Keith Helmendach, founder of HK Solutions USA, a Charlotte-based retirement planning firm, appears in the documentary to discuss these pressures. His work focuses on helping people think beyond the moment they leave their jobs. The real risk, he argues, is not failing to save enough. It is entering retirement without a clear plan for how that money will function once you need it. Many people have never thought through the mechanics of converting a lump sum into monthly income, or how to protect that income from market downturns, or what happens if a health crisis drains the account faster than expected.

Helmendach's firm works with individuals and families to evaluate their retirement savings from this new angle. Rather than asking "Have I saved enough?" the conversation shifts to "How will this money work for me? What are the risks? What strategies might give me more predictable income and less exposure to volatility?" The firm explores options like annuities that provide guaranteed income, tax-advantaged growth strategies, and approaches designed to cushion against market shocks.

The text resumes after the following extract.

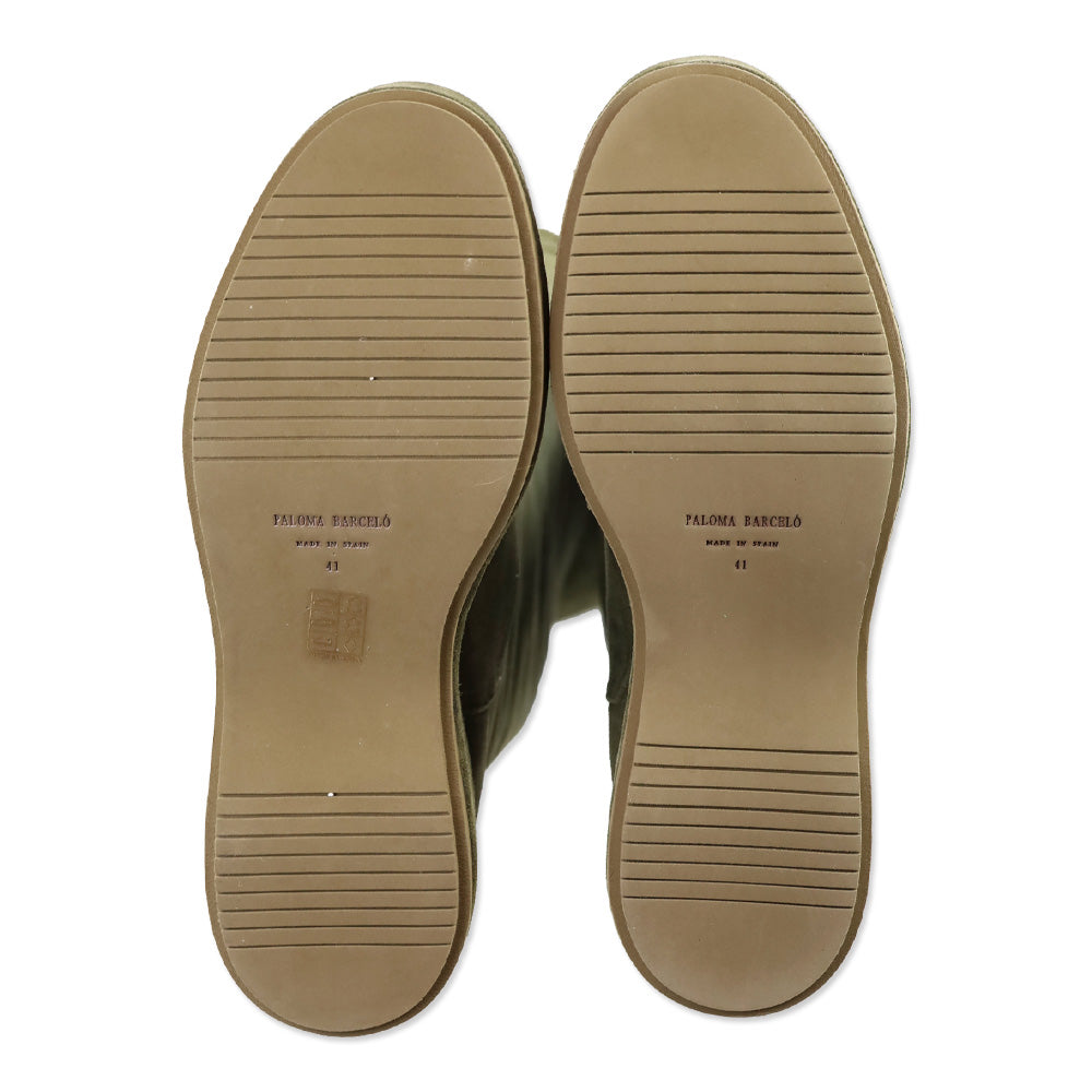 The Paloma Barcelo Roy Crosta Olive Suede Over-The-Knee Platform Boots offer a striking silhouette with luxurious olive suede and a comfortable platform sole. Perfect for making a statement at casual or cocktail events, these boots combine elegance and modern edge.

The documentary's central insight is that the transition from earning to spending requires as much thought as the accumulation years themselves. For many people, the shift from a regular paycheck to drawing income from retirement assets is disorienting. Without a coordinated plan, it is easy to make costly mistakes—withdrawing too much too soon, failing to account for taxes, or holding too much in stocks when stability matters more than growth.

Retirement Everest frames this not as a problem to fear but as a phase that deserves serious preparation. The climb to the summit is only the first part of the journey. What matters now is how you descend.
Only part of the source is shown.